Foi o que sobrou para Blade Runner, que tem qualidades, mas não é mesmo filme que emplaque grande coisa no Oscar. A não ser em categorias técnicas, como esta de efeitos visuais. A meu ver não houve grande destaque nesse quesito entre os concorrentes. Poderia dar um como outro. Ficou com o filme mais consistente. De bom tamanho.

Longa de animação

E venceu o favorito na categoria, Viva, a Vida é uma Festa, inspirado desenho baseado no dia dos mortos, uma tradição mexicana. Era uma bola cantada, não apenas pela qualidade, mas como uma espécie de desagravo aos estrangeiros e imigrantes face a política xenófoba de Donald Trump. Tudo isso à parte, o desenho é mesmo encantador.

Atriz coadjuvante

Allison Janney faz a excelente mãe meio psicótica da patinadora em Eu, Tonya. Categoria forte, tinha várias alternativas possíveis de prêmio, mas fica bem com Allisson. Aliás, esse é um filme dos mais interessantes, sobre a classe baixa branca dos Estados Unidos, num retrato cruel e sem muitos retoques, baseada num caso real. E, no quadro montado, Allisson é fundamental para se compreender a personagem. Pensando bem, o Oscar caiu muito bem para Allisson.

Filme estrangeiro

Muito adequado para a pauta atual de questões identitárias e de gênero, o Oscar foi para Uma Mulher Fantástica, do chileno Sebastián Lelio. Tem por protagonista a atriz transgênero Daniela Vegas. Derrota pesos pesados como The Square, Sem Amor e O Insulto. Não se trata apenas de política de momento. Uma Mulher Fantástica é muito bom filme, mesmo. E a América Latina belisca mais um Oscar. O Brasil segue na fila.

Design de produção

Primeiro prêmio para o mais indicado, A Forma da Água. O que se pode dizer é que a ambientação criada para o filme de Guillermo del Toro é primorosa.

 

Mixagem de som

Mesmo comentário em relação a mixagem. Tecnicamente Dunkirk é muito bom. Além de ser outras coisas mais. O som, de modo geral, é um dos pontos altos, responsável por jogar o espectador na tensa experiência da retirada dos soldados cercados por tropas nazistas na Normandia.

Edição de som

Richard King e Alex Gibson levaram o Oscar de edição de som por Dunkirk. Justíssimo. O filme de Christopher Nolan, sobre um dos episódios cruciais da Segunda Guerra, é acima de tudo um grande espetáculo. E esse espetáculo não depende apenas de imagens mas também da edição de som.

Documentário

Icaro é um filme interessante sobre o doping no esporte. É muito bom filme, na verdade, uma poderosa denúncia sobre o doping como política de Estado montada pela Rússia. Mas haveria alternativa melhor, Visage, Village, da incrível Agnès Varda. Sutil demais para a Academia, talvez. Icaro pode ser visto na Netflix.

Figurino

Trama Fantasma, um filme sobre figurinista, ganha melhor figurino.
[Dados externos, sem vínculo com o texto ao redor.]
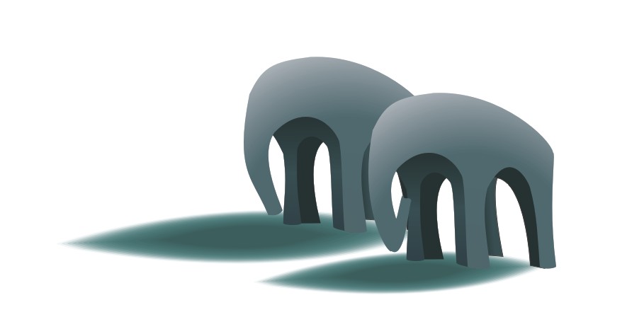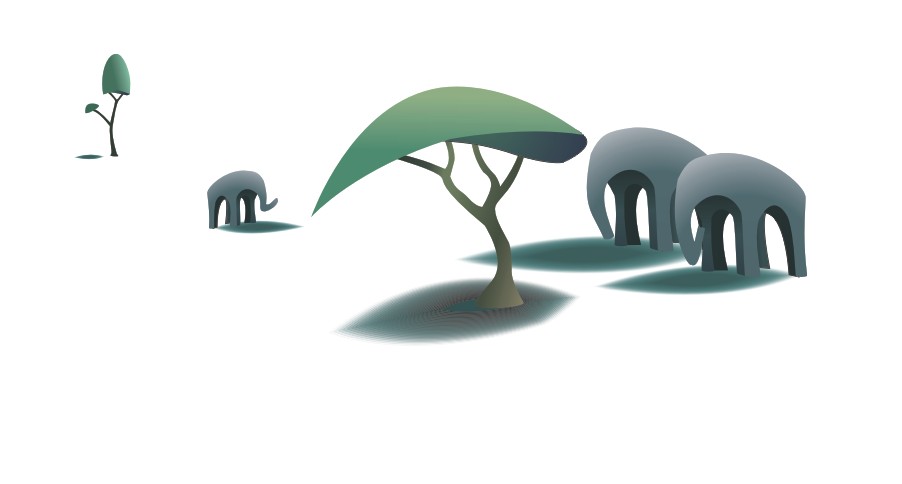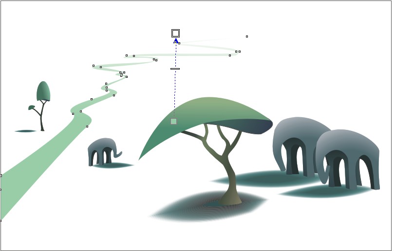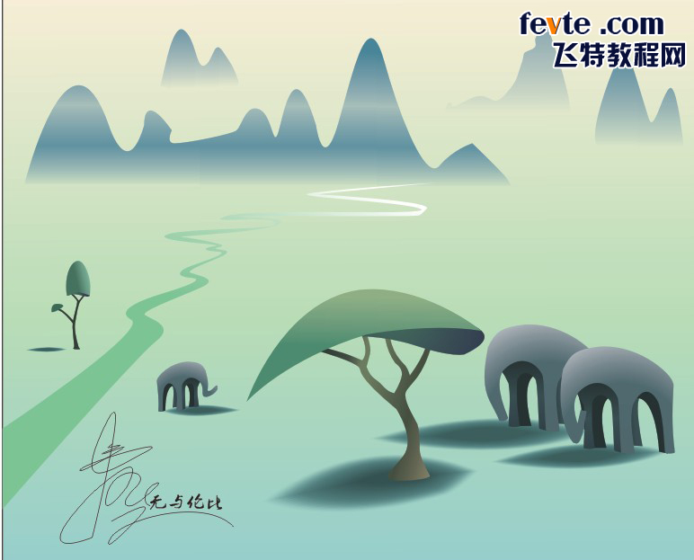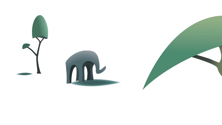 16.把另一头大象画出,可以将原先的大象复制改变鼻子的形状。用先前画树阴影画出两头大象的阴影。如图所示

Numa categoria disputada, pôde-se dizer que o prêmio cai como uma luva para um filme caracterizado, acima de tudo, pelo rigor de sua feitura.

Maquiagem

O Destino de uma Nação leva maquiagem pelo belo trabalho de caracterização de Gary Oldman como Winston Churchill. Muita gente andou botando defeito, mas o trabalho de maquiagem dá credibilidade ao filme, que também tem muitas outras qualidades. Merecido.

Ator coadjuvante

A primeira barbada da noite. Sam Rockwell por Três Anúncios para um Crime. Todo mundo apostava nele e acabou dando o óbvio. Tinha pesos pesados como alternativa, a começar pelo grande Christopher Plummer e o sempre muito bom Woody Harrelson. Mas o prêmio fica bem com Rockwell.